From cells to power cells: harnessing bacterial electron transport for microbial fuel cells (MFCs)

Abstract

AbstractMicrobial fuel cells (MFCs), which use bacterial electron transport mechanisms to generate energy, have become a viable technology for renewable energy production. This review investigates the evolutionary and functional connections between bacterial energy transduction mechanisms and mitochondrial electron transport chains, building on the endosymbiont theory of eukaryotic cell evolution. The conserved features and similarities between prokaryotic and eukaryotic electron transport pathways were elucidated, highlighting their common origins and roles in cellular bioenergetics. This discussion explores the essential mechanisms governing the movement of electrons and ions across biological membranes, crucial for generating energy and maintaining electrochemical gradients in bacteria and mitochondria. Capitalizing on these insights, we explore the applications of electrogenic bacteria in MFCs for renewable electricity generation.

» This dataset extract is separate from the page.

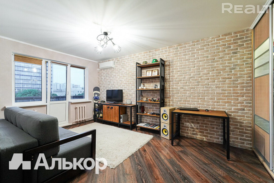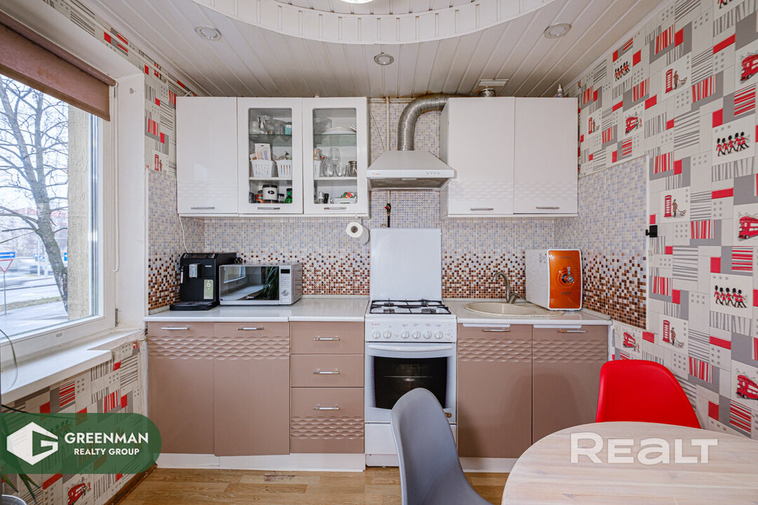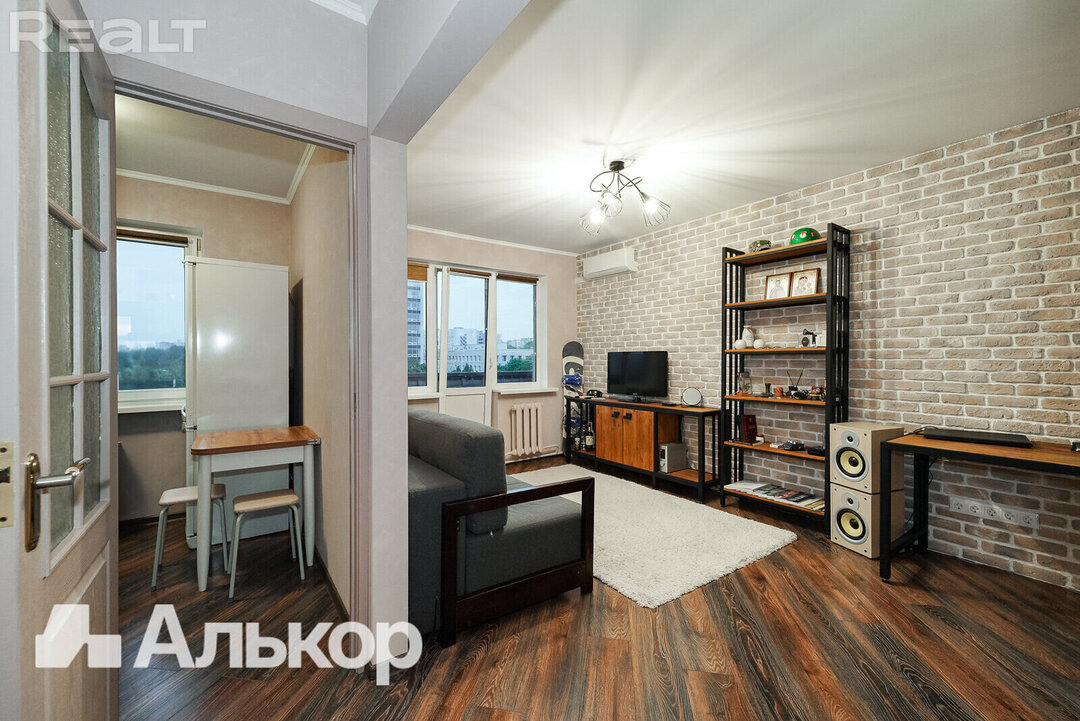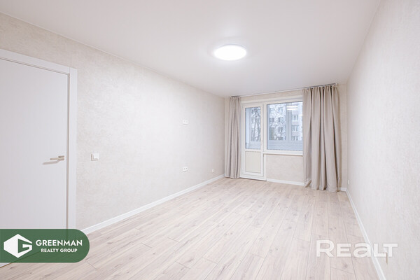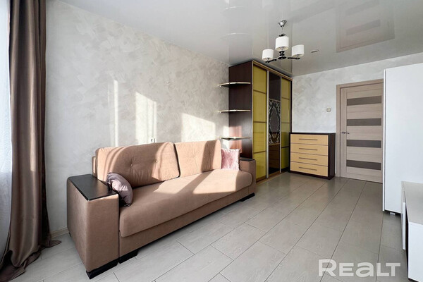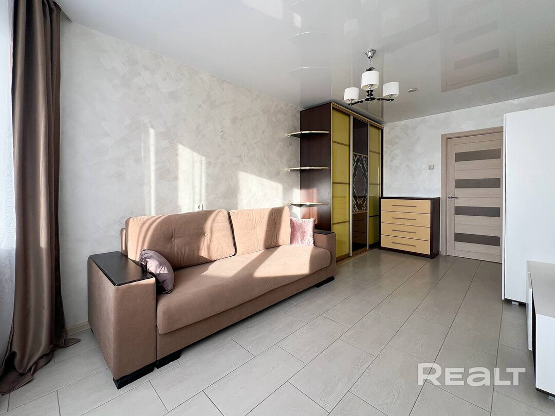 Следующий вариант — однокомнатная квартира на втором этаже девятиэтажного дома на Матусевича, 21. Это в десяти минутах пешком от станции метро «Спортивная».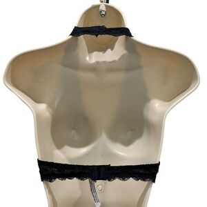 Free People Women's Galloon Lace Halter Bralette Black open back, no padding sheet mesh, sheer hook eye closure

Optimal conditions for enhancing bacterial electron transfer to electrode surfaces are identified, paving the way for improved MFC performance. Potential large-scale implementations of MFCs in wastewater treatment, biosensing, and bioremediation of contaminated environments are discussed, underscoring their versatility and environmental benefits. The importance of investigating bioenergetic mechanisms at both the cellular and molecular scales of fully harnessing the capabilities of microbial energy conversion systems is highlighted in this review. By bridging the gap between fundamental cellular processes and sustainable technologies, we aim to advance renewable energy solutions that harness the remarkable capabilities of electrogenic microorganisms.